_Problem to solve_
Beginning at the top of the data below, restate every line word for word until the line containing "В комплекте: Система" has been included, and omit the pictures.
Dataset records section start
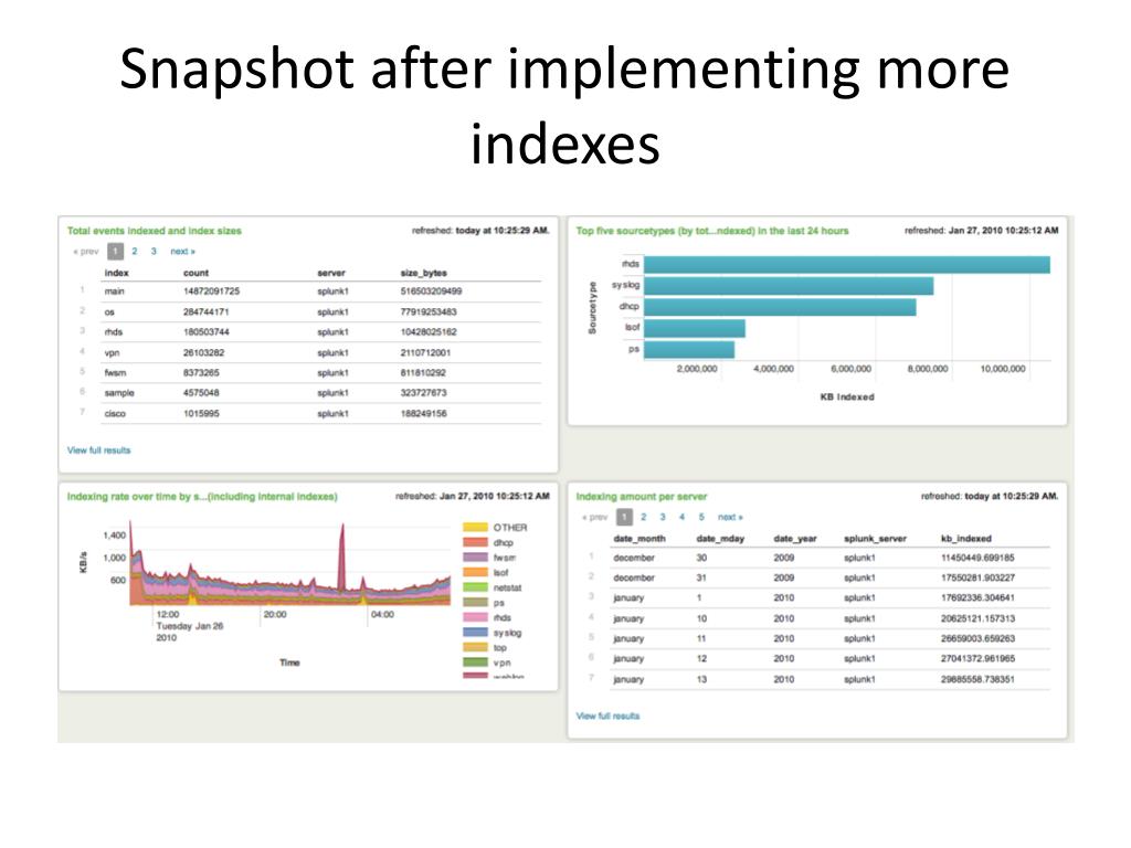 Splunk growth around the same time • Organic growth with other departments • Steady growth of indexed data • Introduction of new indexes • Security mandate to have Splunk on all servers
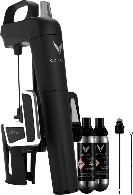 В комплекте: Система Coravin, 2 капсулы с аргоном, стандартная игла и чехол на бутылку.
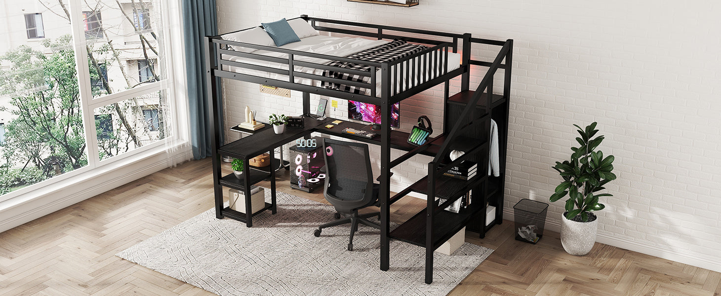 - 【Loft Bed with Storage and Desk】: Our full loft bed frame with desk and storage shelves for kids is great for making extra room in a small bedroom. This functionality loft bed includes a L shape desk and built with 2 shelves under the desk and has 55” of under-bed clearance, the raised base creates a cozy space for storage, study or play to make the most of your space.
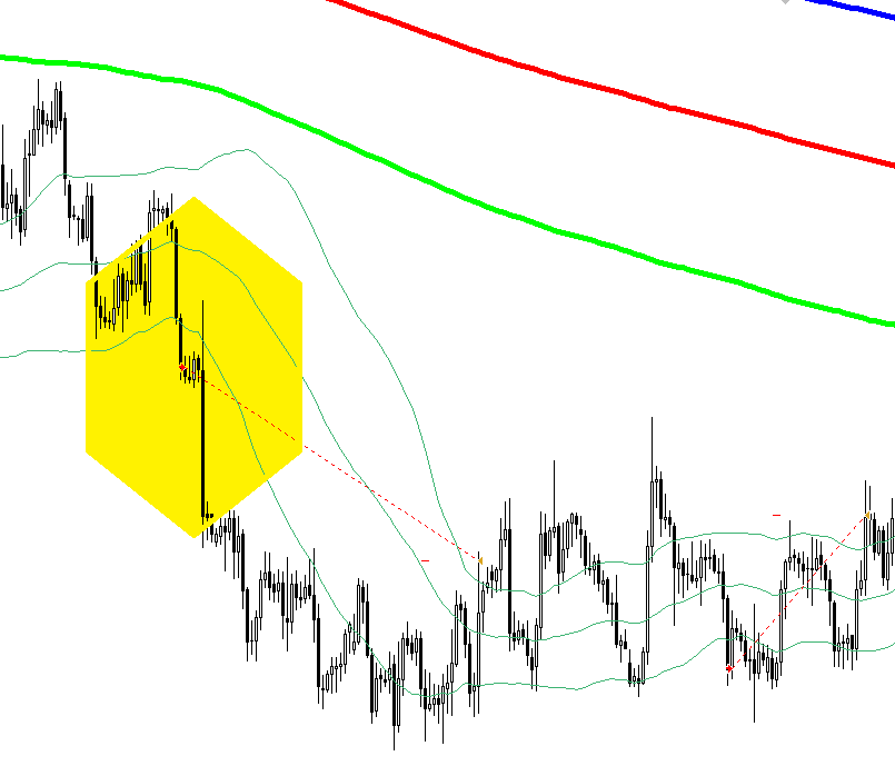 2. Price breaks below bottom BB. Breakout candle has a body size of 30 – 300 pips.
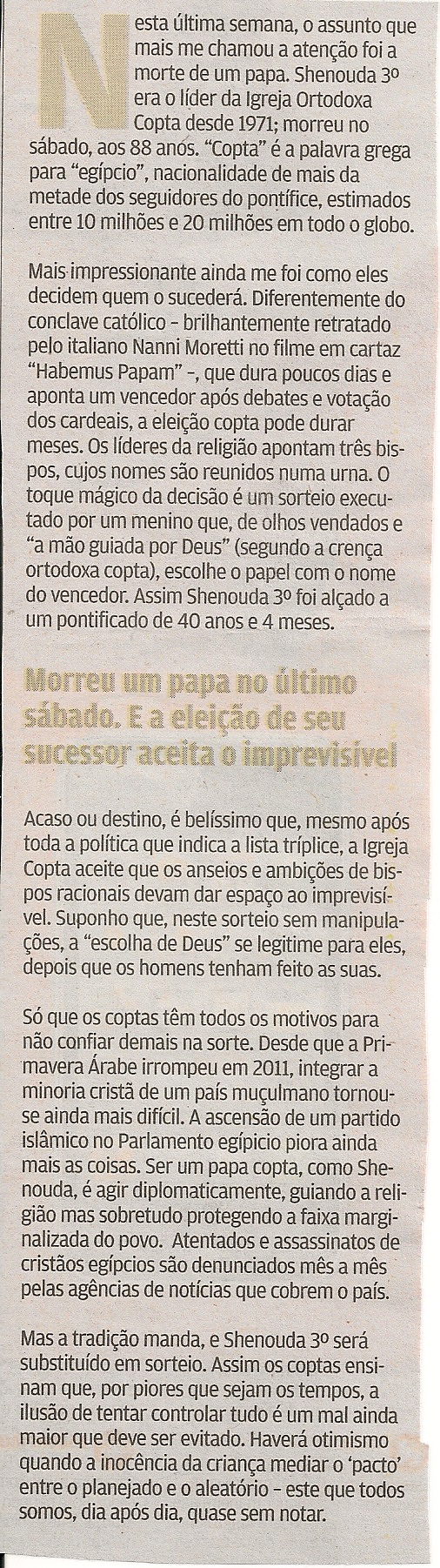 A escolha do novo patriarca poderá durar vários meses. Segundo um regulamento de 1957, ele deve ser um copta egípcio, solteiro e com menos de 40 anos e deve também ter passado pelos menos 15 anos num mosteiro. Um conselho de mil e 500 pessoas participará na seleção do futuro patriarca.
Dataset records section end
_Finished task_
 Splunk growth around the same time • Organic growth with other departments • Steady growth of indexed data • Introduction of new indexes • Security mandate to have Splunk on all servers
 В комплекте: Система Coravin, 2 капсулы с аргоном, стандартная игла и чехол на бутылку.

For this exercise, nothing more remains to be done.